▸ **WORK TO BE COMPLETED**
Looking at the listing below, retype exactly the lines starting at the one containing "II Межрегиональный конкурс" and ending at the one containing "以上就是为大家带来的原神初始号阵容揭秘:如何组建最强阵容?", both included, and nothing else.

▸ **GIVEN DATA**
____

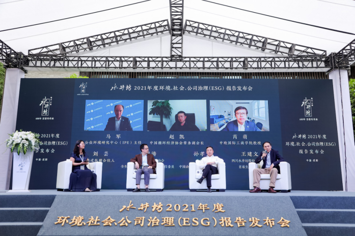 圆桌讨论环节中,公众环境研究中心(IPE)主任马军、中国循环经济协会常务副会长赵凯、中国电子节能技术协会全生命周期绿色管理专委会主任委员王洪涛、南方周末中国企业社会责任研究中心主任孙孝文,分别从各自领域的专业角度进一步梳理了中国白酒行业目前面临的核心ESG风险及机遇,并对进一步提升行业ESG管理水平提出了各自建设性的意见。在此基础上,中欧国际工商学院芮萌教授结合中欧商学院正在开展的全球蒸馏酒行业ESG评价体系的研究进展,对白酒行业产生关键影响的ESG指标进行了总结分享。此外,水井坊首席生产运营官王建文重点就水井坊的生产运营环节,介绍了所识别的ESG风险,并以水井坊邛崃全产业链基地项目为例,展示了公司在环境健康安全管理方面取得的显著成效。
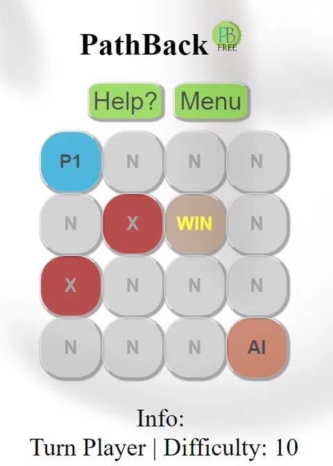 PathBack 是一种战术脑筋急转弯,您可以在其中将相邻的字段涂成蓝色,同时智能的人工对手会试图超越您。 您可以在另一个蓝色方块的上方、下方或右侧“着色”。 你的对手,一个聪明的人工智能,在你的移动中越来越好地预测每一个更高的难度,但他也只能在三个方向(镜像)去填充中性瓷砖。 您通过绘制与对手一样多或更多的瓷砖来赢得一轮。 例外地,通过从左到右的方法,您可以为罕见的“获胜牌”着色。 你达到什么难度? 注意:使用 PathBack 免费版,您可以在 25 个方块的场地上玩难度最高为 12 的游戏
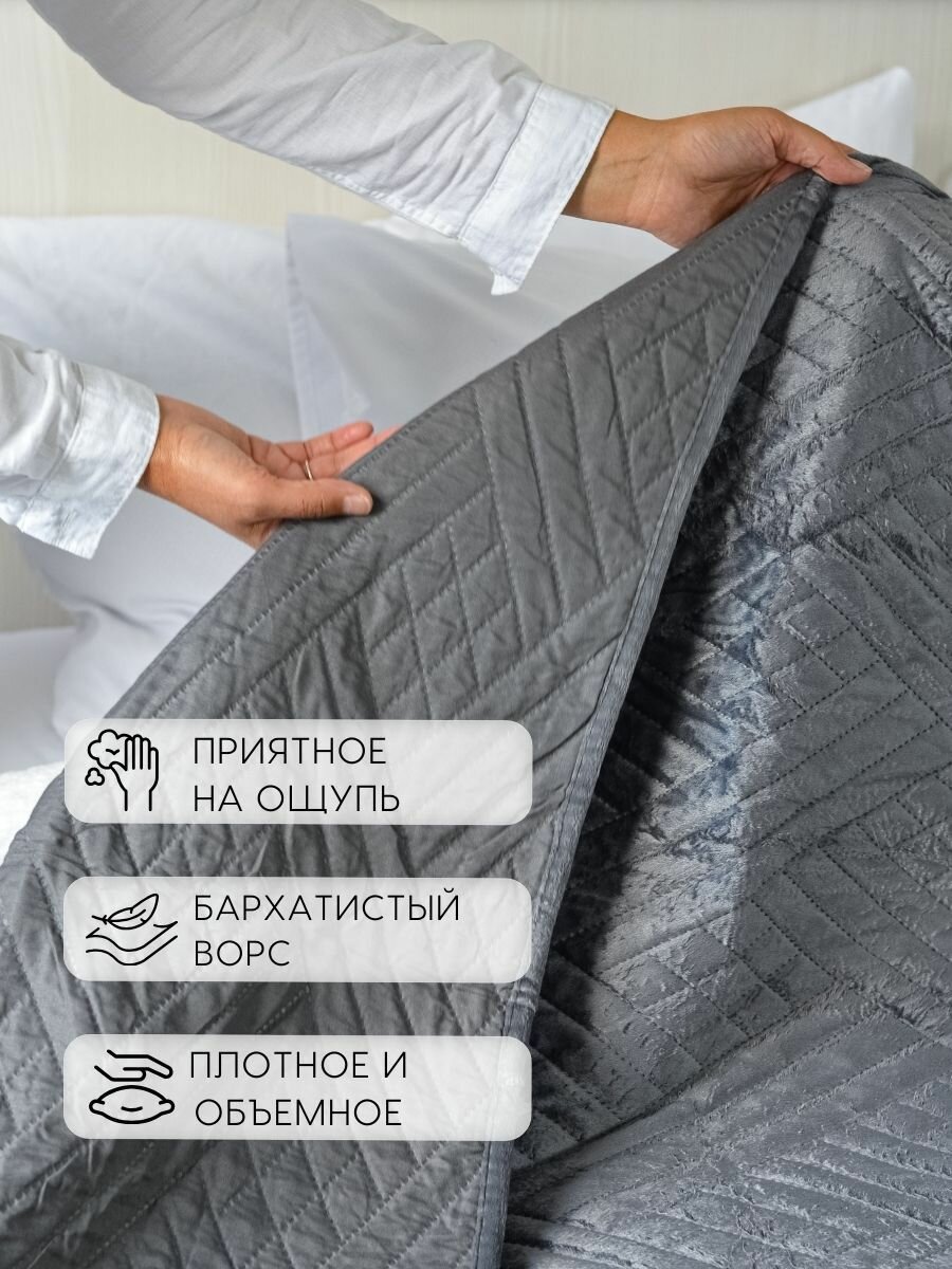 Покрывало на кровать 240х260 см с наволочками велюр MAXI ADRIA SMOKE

____

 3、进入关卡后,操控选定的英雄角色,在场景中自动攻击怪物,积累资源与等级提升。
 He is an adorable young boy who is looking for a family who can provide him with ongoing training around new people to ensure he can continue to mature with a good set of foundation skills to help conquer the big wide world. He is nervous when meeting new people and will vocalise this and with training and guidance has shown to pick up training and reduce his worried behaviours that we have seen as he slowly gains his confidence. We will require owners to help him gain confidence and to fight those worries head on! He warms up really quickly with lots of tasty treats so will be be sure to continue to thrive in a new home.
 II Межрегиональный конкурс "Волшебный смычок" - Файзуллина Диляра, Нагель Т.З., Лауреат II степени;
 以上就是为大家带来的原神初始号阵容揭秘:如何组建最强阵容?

____

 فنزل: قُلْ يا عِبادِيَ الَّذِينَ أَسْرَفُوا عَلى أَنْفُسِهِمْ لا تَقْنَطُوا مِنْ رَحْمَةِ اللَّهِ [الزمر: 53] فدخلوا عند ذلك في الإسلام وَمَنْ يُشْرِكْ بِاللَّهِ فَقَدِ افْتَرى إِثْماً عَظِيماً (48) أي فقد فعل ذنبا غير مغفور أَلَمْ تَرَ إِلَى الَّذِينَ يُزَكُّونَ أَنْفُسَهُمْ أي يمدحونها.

____

▸ **TASK SOLUTION**
 II Межрегиональный конкурс "Волшебный смычок" - Файзуллина Диляра, Нагель Т.З., Лауреат II степени;
 以上就是为大家带来的原神初始号阵容揭秘:如何组建最强阵容?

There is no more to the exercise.